_Data extracts_
=======
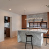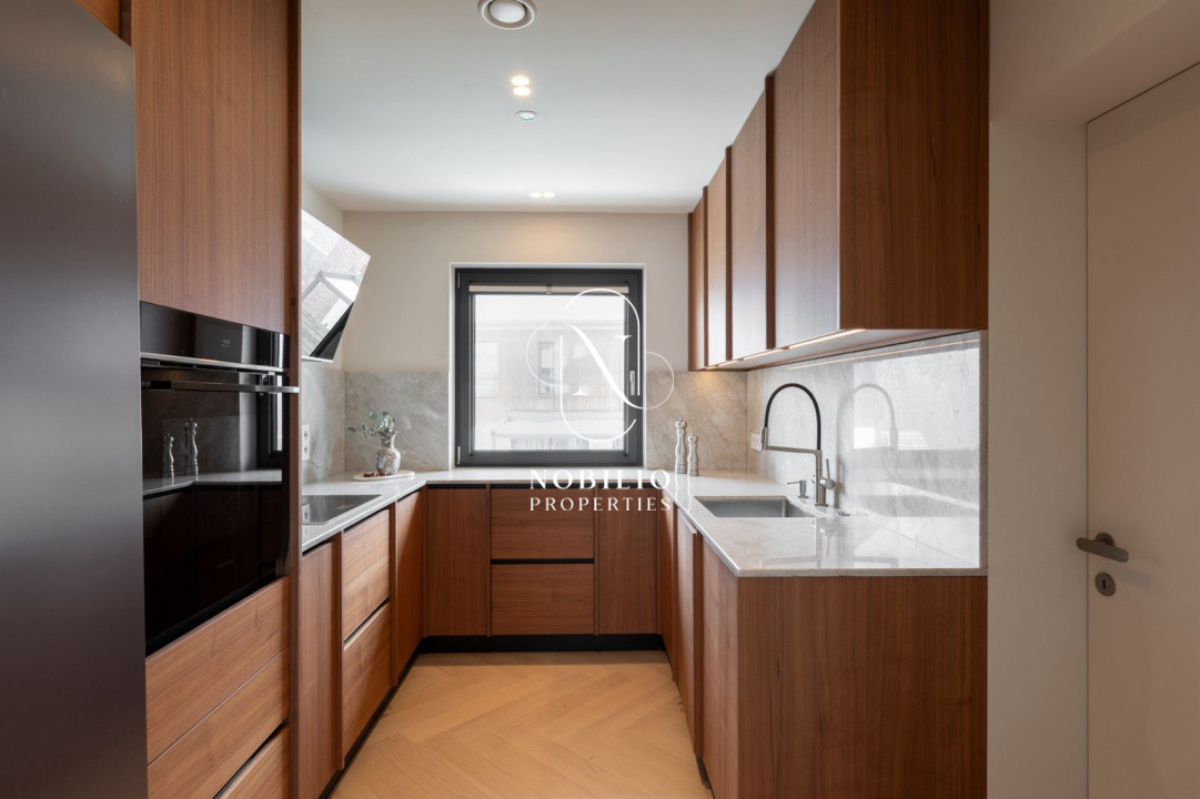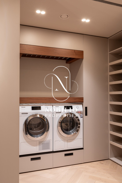 - Excelență germană: două bucătării utilate complet cu electrocasnice Miele și Siemens, inclusiv frigider de vinuri și zonă de espressor retractabilă.
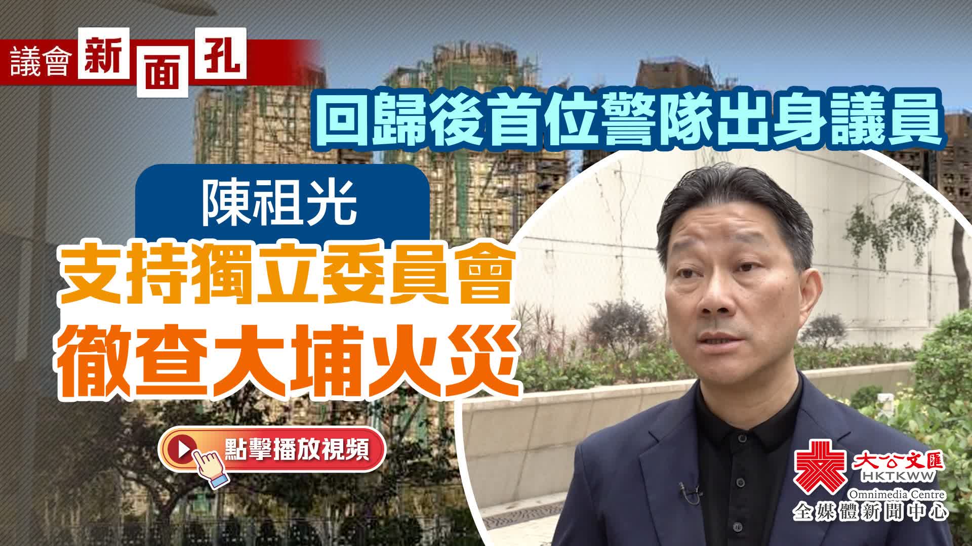 (大公文匯全媒體 記者 劉妍伶)新一屆立法會換屆選舉於12月7日圓滿結束,90名議員全部選出,當中有40位「新面孔」。作為本屆唯一一名警隊出身的候任議員,香港警察隊員佐級協會前主席陳祖光在還未正式上任之時,便受到外界廣泛關注。近日,陳祖光接受大公文匯全媒體專訪時指,需充分相信特首李家超成立的「獨立委員會」,讓其真正客觀地調查大埔宏福苑火災。陳祖光稱未來將重點關注維護國安,教育及人口老齡化問題,並強調會在議會發揮好自身紀律部隊優勢。
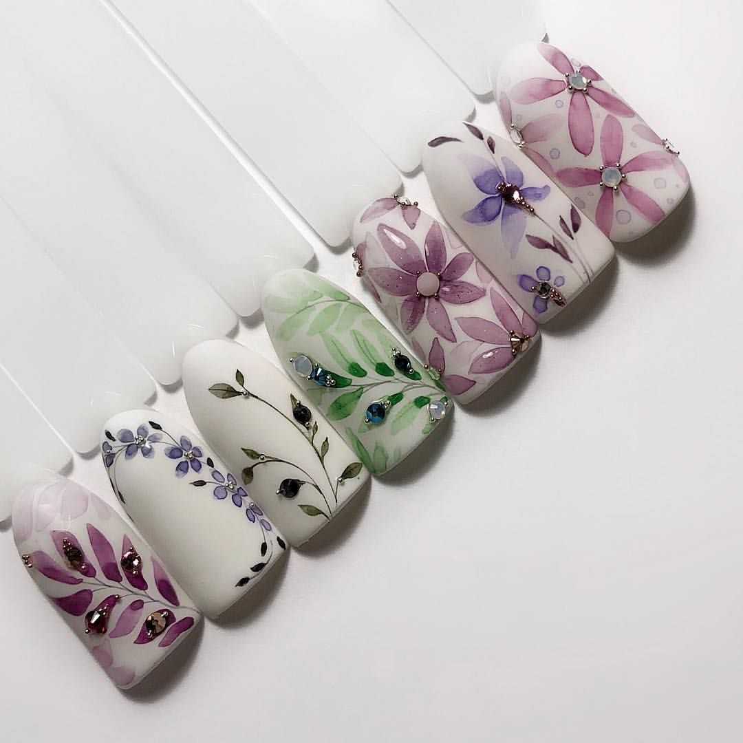 Акварельный дизайн ногтей предлагает массу вариаций различных узоров, которые подойдут как для повседневного маникюра, так и для торжественного мероприятия или романтического вечера.
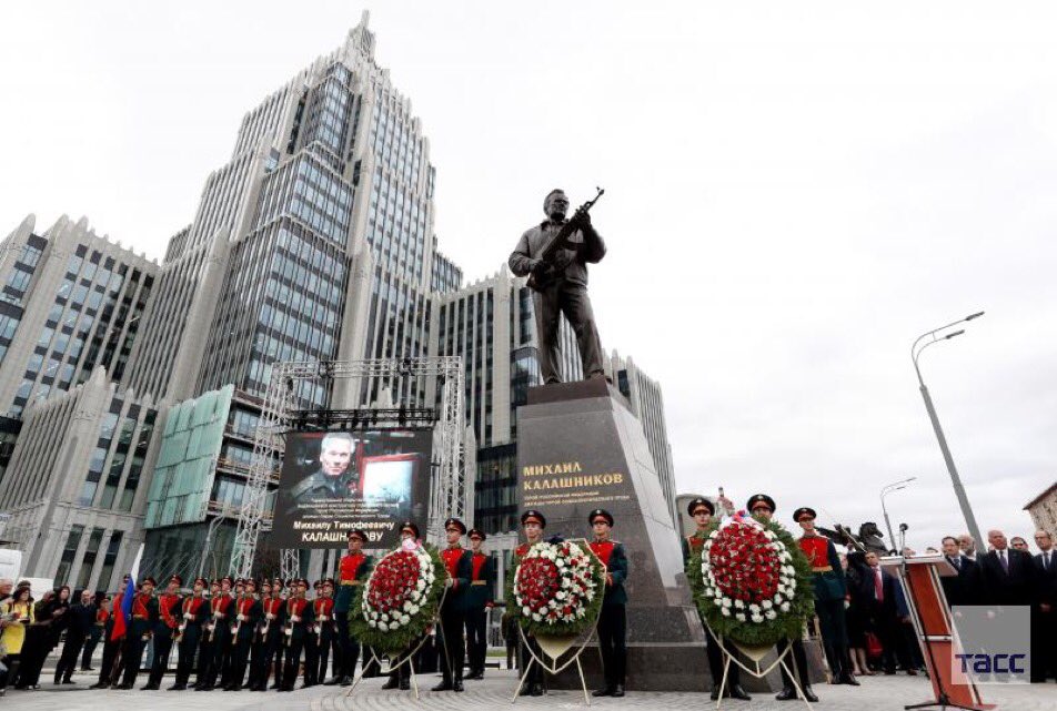 Видимо власти, поставив памятник конструктору у которого в руках АК-47 имели в виду победы российских войск, вооруженных автоматами Калашникова в двух чеченских войнах, в одной грузинской и расстреле людей в московских событиях в октябре 1993 года.
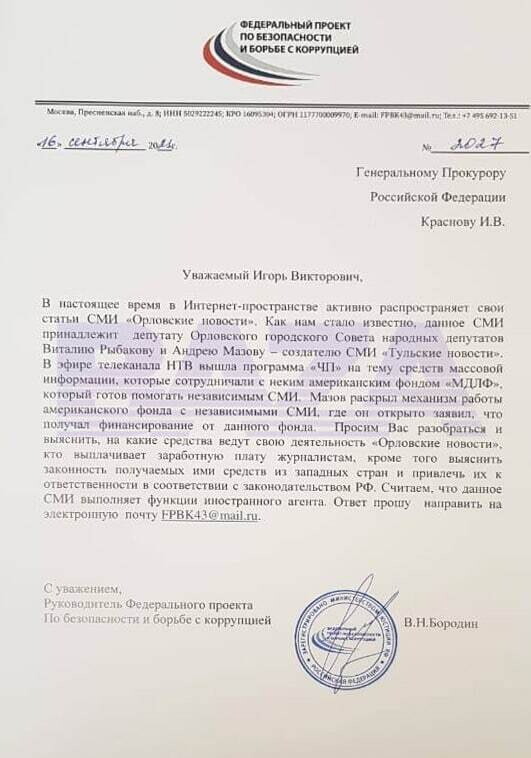 Глава «Федерального проекта по борьбе с коррупцией» (ФПБК) Виталий Бородин попросил Генпрокуратуру признать «Орловские новости» «иноагентом» из-за иностранного финансирования в размере 50 долларов. Об этом сообщают ТАСС и Baza.
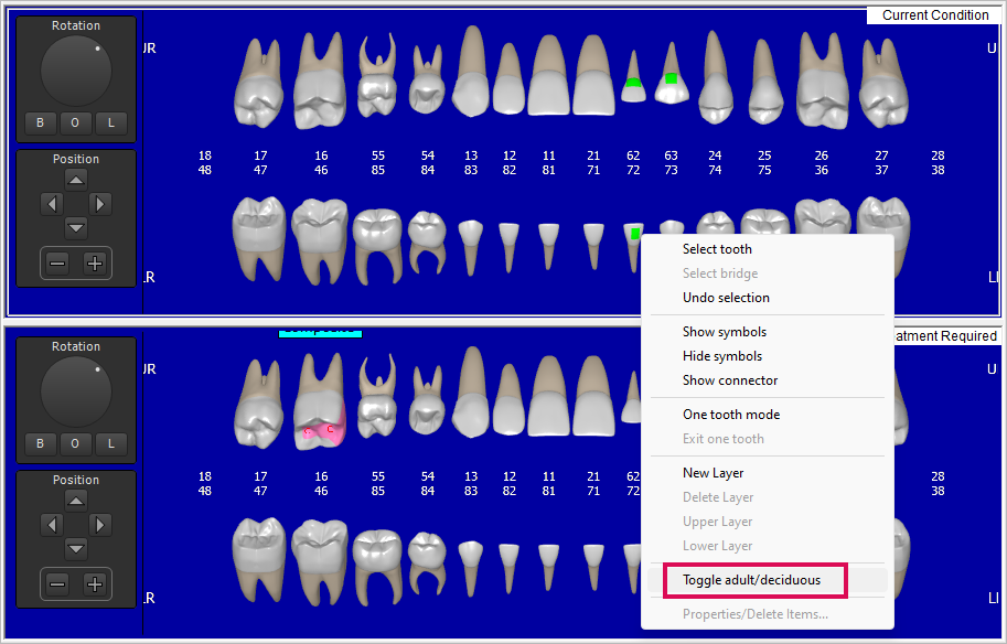- Individual teeth can be rotated by right clicking on the tooth > Select tooth
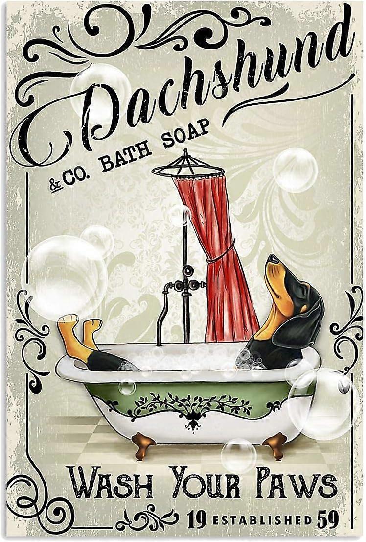Metal Tin Signs Dachshund Bath SOAP WASH Your Dachshund Funny Bathroom Quote Art Picture Decor Poster Man cave Decoration 12x8 inch
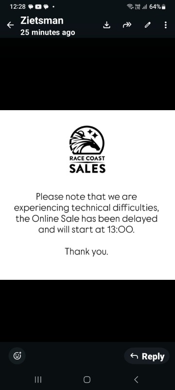 Race Coast Sales advises that the January online sale experienced a technical issue related to the external host server, which temporarily affected bidding reliability. The issue has now been resolved, and steps have been taken to ensure a smooth and reliable bidding process. As a result, the January online sale will be delayed until Friday 30 January 2026 commencing at 09:00 with the sale starting at 13:00. All previous bids have been voided, and prospective buyers will need to place their bids again when the sale resumes. Race Coast Sales thanks customers for their patience and understanding and appreciates the strong support shown for the sale. For more information please contact: Pippa Mickleburgh pippa@racecoast.co.za Vicky Minott vicky@racecoast.co.za MJ Byleveld mj@racecoast.co.za
=======
_How to complete this task_
Once the line containing "ТАСС и Baza." is located, write out exactly that line and each one after it to the end of the records above, excluding pictures and nothing else.

_Written solution_
 Глава «Федерального проекта по борьбе с коррупцией» (ФПБК) Виталий Бородин попросил Генпрокуратуру признать «Орловские новости» «иноагентом» из-за иностранного финансирования в размере 50 долларов. Об этом сообщают ТАСС и Baza.
- Individual teeth can be rotated by right clicking on the tooth > Select tooth
Metal Tin Signs Dachshund Bath SOAP WASH Your Dachshund Funny Bathroom Quote Art Picture Decor Poster Man cave Decoration 12x8 inch
 Race Coast Sales advises that the January online sale experienced a technical issue related to the external host server, which temporarily affected bidding reliability. The issue has now been resolved, and steps have been taken to ensure a smooth and reliable bidding process. As a result, the January online sale will be delayed until Friday 30 January 2026 commencing at 09:00 with the sale starting at 13:00. All previous bids have been voided, and prospective buyers will need to place their bids again when the sale resumes. Race Coast Sales thanks customers for their patience and understanding and appreciates the strong support shown for the sale. For more information please contact: Pippa Mickleburgh pippa@racecoast.co.za Vicky Minott vicky@racecoast.co.za MJ Byleveld mj@racecoast.co.za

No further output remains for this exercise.